Like any other area of weakness in the Christian life, our struggle to forgive must begin with a sincere confession that we hold a grudge against someone else. So we must ask for God’s forgiveness and help in being healed.  We must also pray for those who have offended us, asking God’s blessings on them.  And when we are tempted to remember what they have done or to judge them, we must immediately turn our attention to the Jesus Prayer and remembrance of our own need for forgiveness from the Lord, and from those whom we have offended throughout the course of our lives.  We are not the blameless judges of others, but those who stand in constant need of grace, mercy, and healing together with those who have wronged us.

It is a long struggle, but if we consistently turn away from unholy thoughts, they will lose their power over us.  “Resist the devil and he will flee from you.” (James 4:7) The less attention we give to our temptations, the more they will diminish.  The challenge is harder if the others involved in these relationships continue offending us.  But remember what the one who told us to forgive seventy times seven said from the cross, “Father, forgive them for they know not what they do.” (Luke 23:34) There is no limit to the forgiving love of Jesus Christ.  And if we are in Him, there can be no limit on our forgiveness either.  We who want His mercy must show it to others.  Otherwise, we reject Him and condemn ourselves.

Every human being bears the image of God, including our enemies.   In that we have done something harmful to anyone, we have done it to the Lord.    Remember the words of St. John: “If someone says, ‘I love God,’ and hates his brother, he is a liar.”  (1 John 4:20) It is only by the power of the Holy Spirit in our hearts and souls that we will be able to live out our love of God in relation to every human being we encounter.
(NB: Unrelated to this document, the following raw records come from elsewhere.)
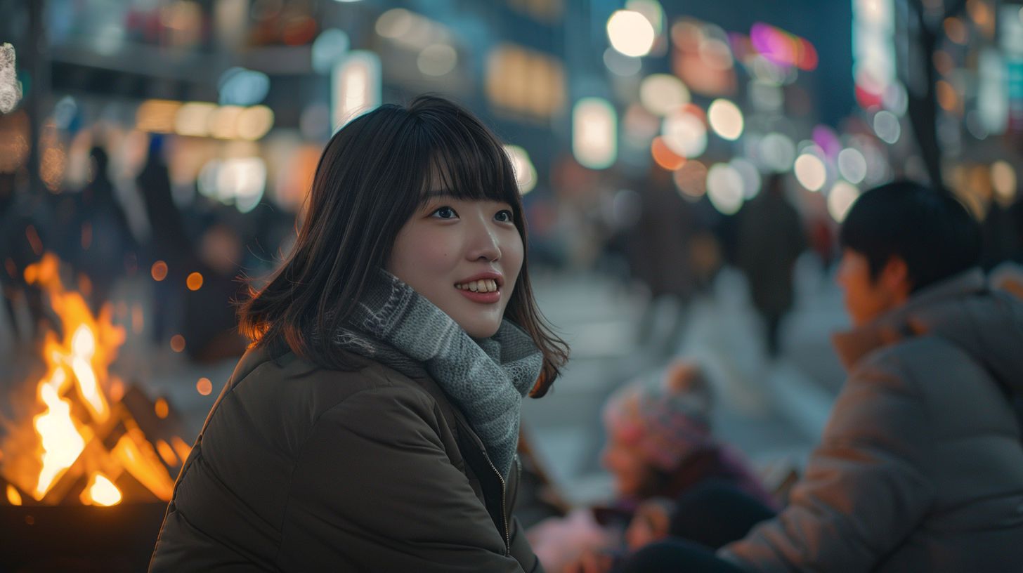 夜の都会で、キャンプファイヤをする女子 兵庫県 芦屋市 ストリートスナップ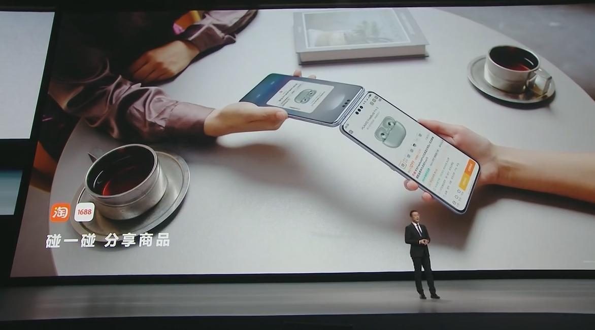 更好的体验就是在多人分享时,无需添加好友,无需建群,可以一次多选同步发给所有的新老朋友。交互方式碰一碰,通过近场感知,两个设备碰一碰就能分享淘宝商品,分享小红书博主,未来还可以做到手机碰平板、碰智慧屏、碰座舱,实现内容和应用的无缝流转。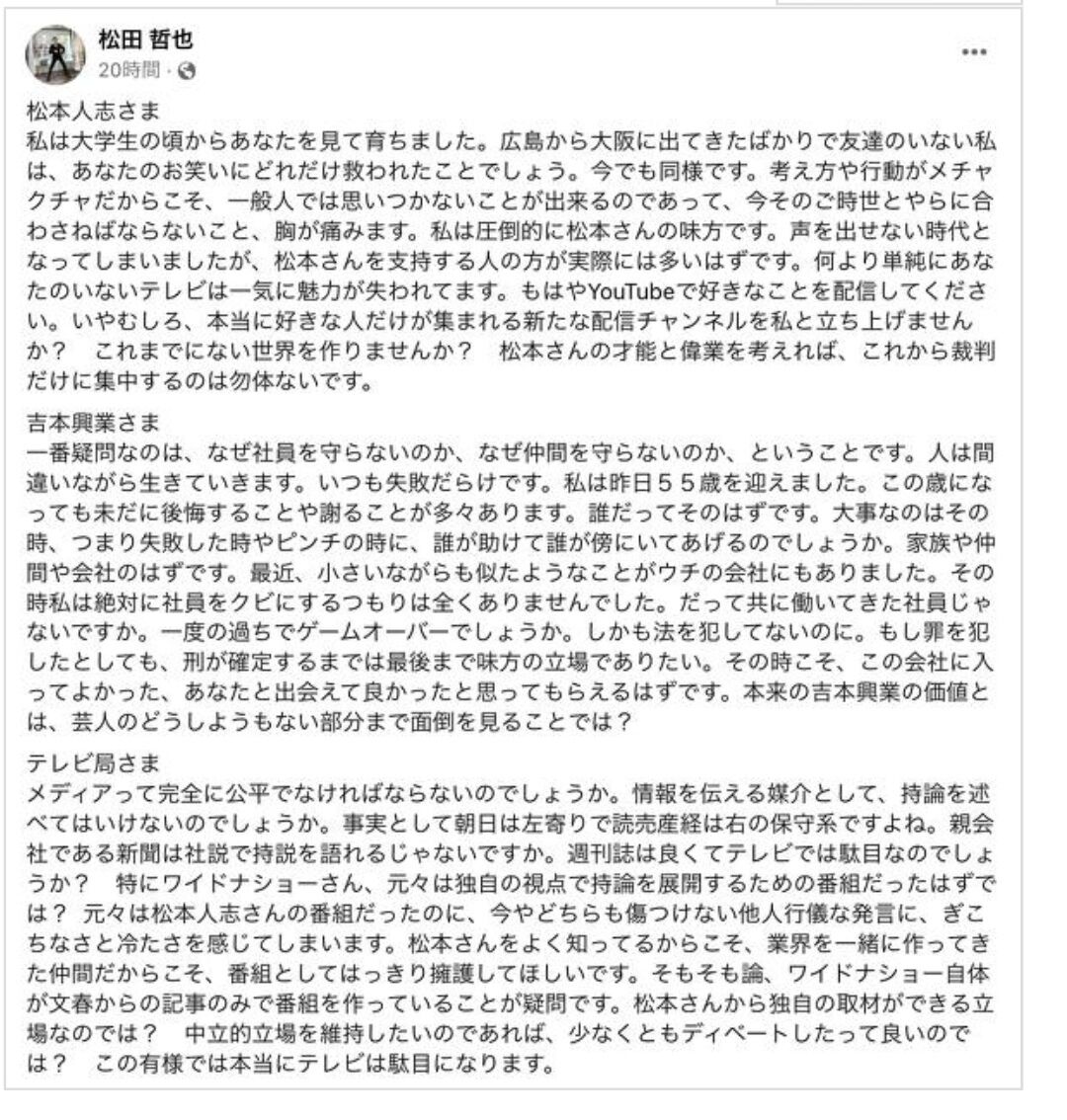 批判を浴びている文章は、松田会長が自身のFacebookアカウントに投稿したもの。性加害疑惑報道とその対応を巡り、松本さん、吉本興業、テレビ局、スポンサー、弁護士や裁判官、国民(文書内では「一般国民」と記載)、芸人、自分自身に向けて、その考えを約3500字のメッセージ形式でつづる内容でした。
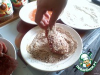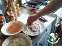 Брать каждый кусочек и обмакивать, сначала в муке, |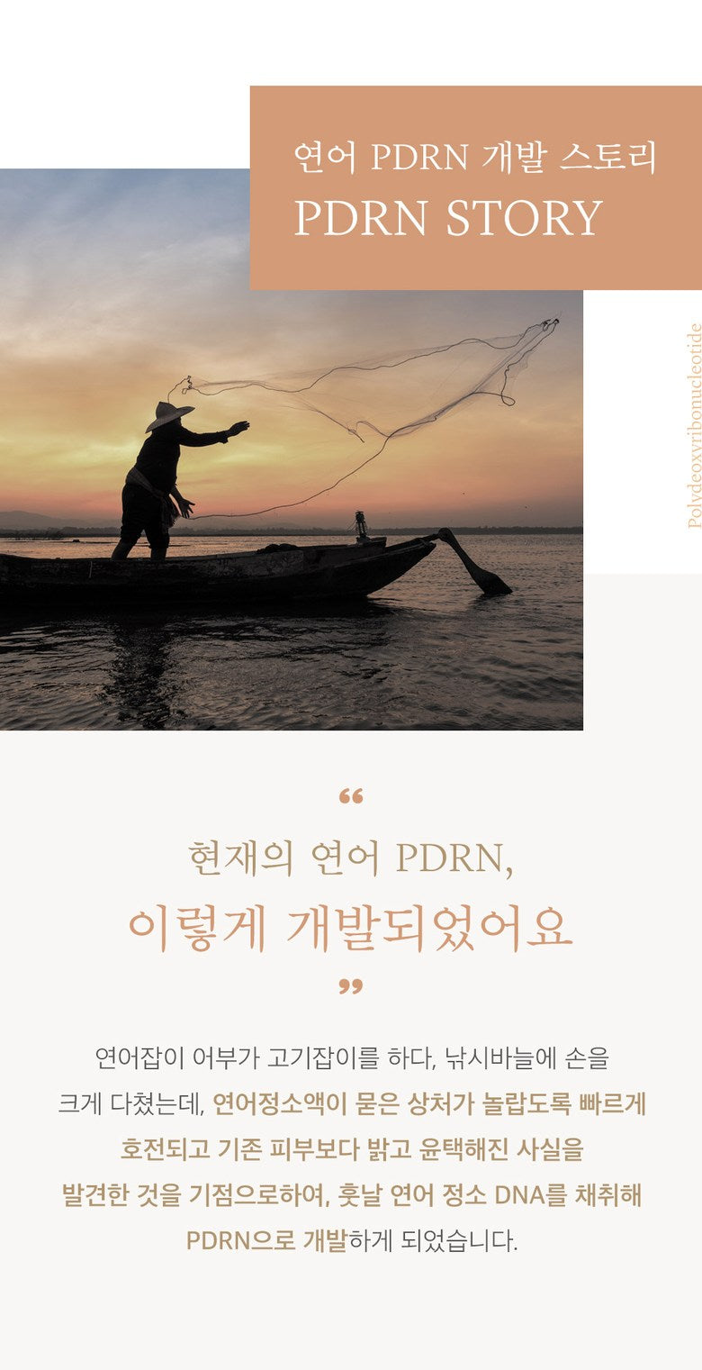A fisherman caught salmon while fishing, and his hand was severely injured by a fishing hook. It was found that the wound with salmon testicular fluid improved surprisingly quickly and became brighter, more shiny, and glossy than the existing skin. Later, by researching salmon, salmon DNA was collected and developed as PDRN.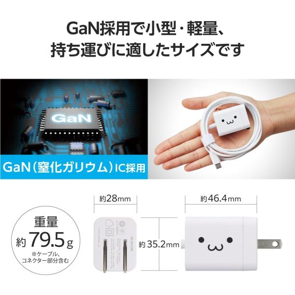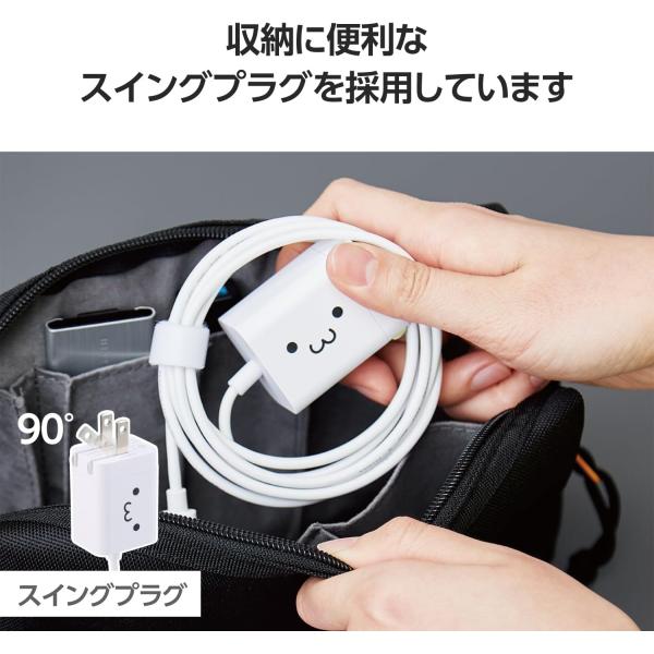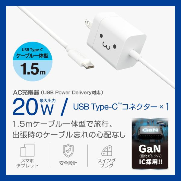 エレコム 充電器 Type-C ケーブル一体型 1.5m USB PD対応 20W PSE認証品 GaN採用 折りたたみ式プラグ しろちゃん MPA-ACCP6920WF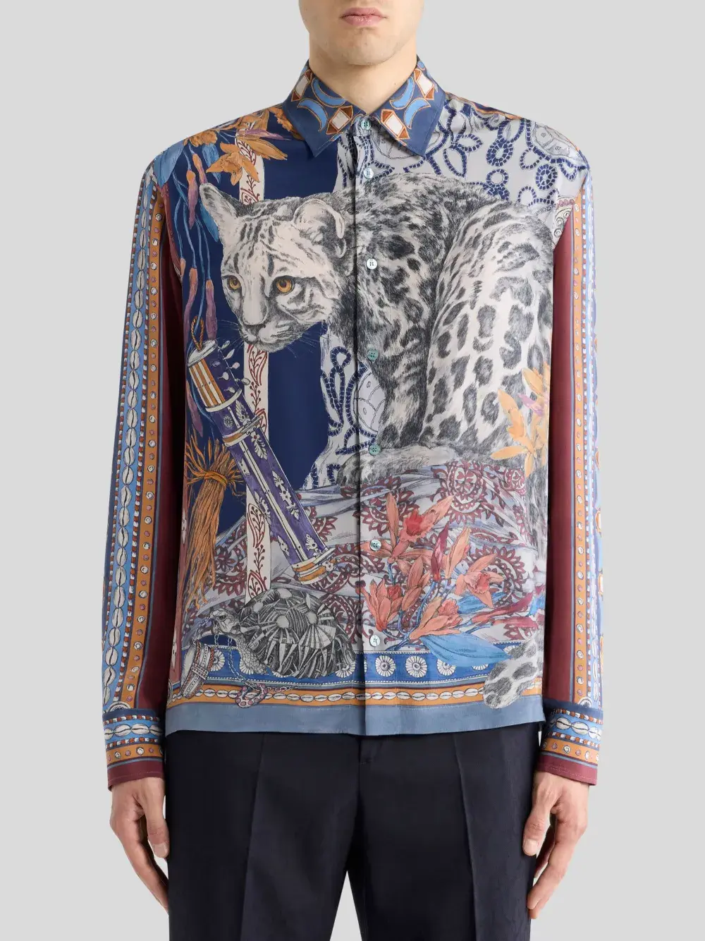 Шелковая рубашка с леопардовым принтом Etro, синий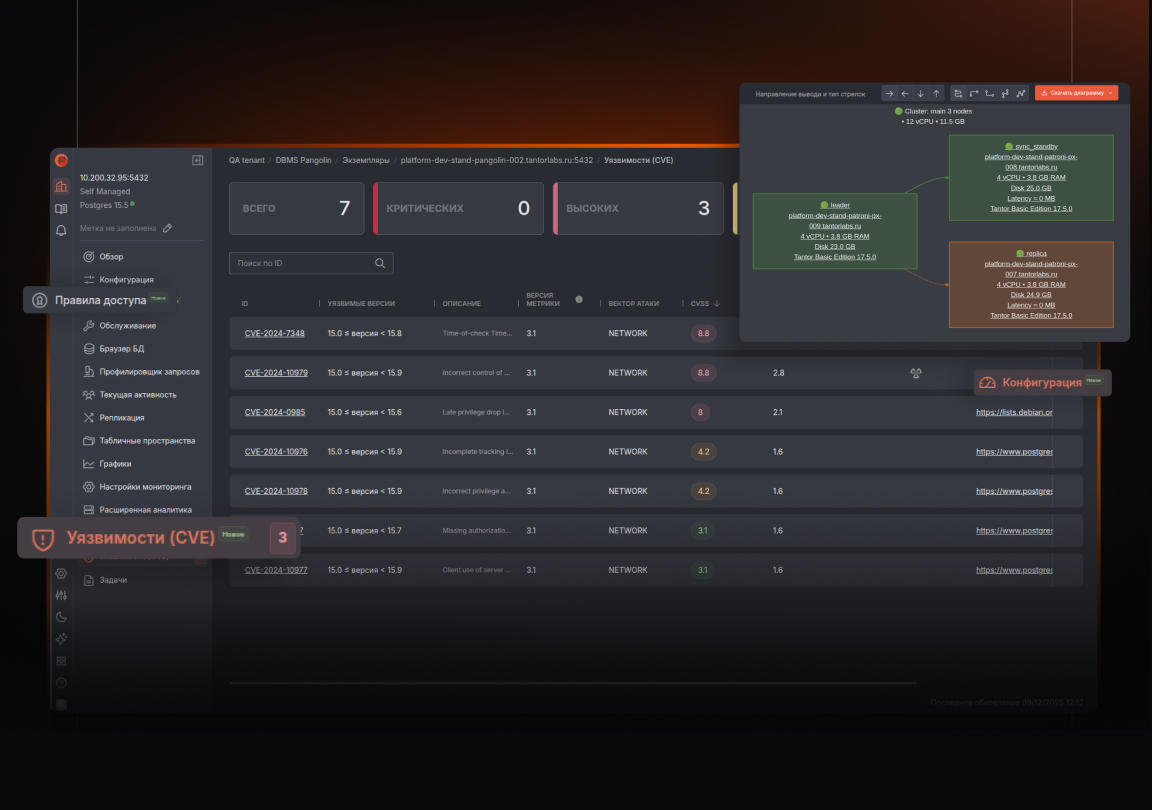 В обновлении реализована поддержка автоматического обнаружения уязвимостей в наблюдаемых СУБД. Платформа Tantor самостоятельно выявляет потенциальные проблемы безопасности и оценивает их критичность по стандарту Common Vulnerability Scoring System (CVSS). Для каждой обнаруженной уязвимости администратор получает рекомендации по ее устранению, что позволяет существенно снизить эксплуатационные риски. В версии 6.2 база уязвимостей обновляется вместе с самой платформой, обеспечивая актуальность данных без дополнительных действий со стороны пользователей.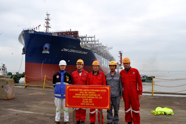 On April 25, 2023, the launching ceremony of one 7,000 TEU Container Vessel bearing builder's hull no.0207001 has been carried out successfully by New Times Shipbuilding Co., Ltd. Our Executive Deputy General Manager Mr. Zhang Yuyong, the representatives from EPS site team and representatives from ABS classification society attended and witnessed the ceremony together.

The more we share in His life, the more His mercy will become characteristic of us in relation to our enemies.  We fool only ourselves by thinking that we may accept His forgiveness without also showing that same forgiveness to our neighbors.  If we do that, we will become the hypocritical judges of others, like the servant in today’s parable who shut himself out of his master’s mercy.  Whether we acknowledge it or not, that is who we risk becoming every time that we refuse to extend the great forgiveness that we have received in Jesus Christ to those who have wronged us.  So let us all convey our Lord’s mercy to our enemies, for that is how we open ourselves to the grace that we all desperately need for the healing of our souls.

 

2 comments:

  1. Excellent. As a long time member of the Order of St. Luke, I have always believed and promoted this, but confess to being guilty of on occasion of not forgiving someone who has wronged me. Your clarity in this sermon is truly inspired by the Holy Spirit. Thank you and Amen!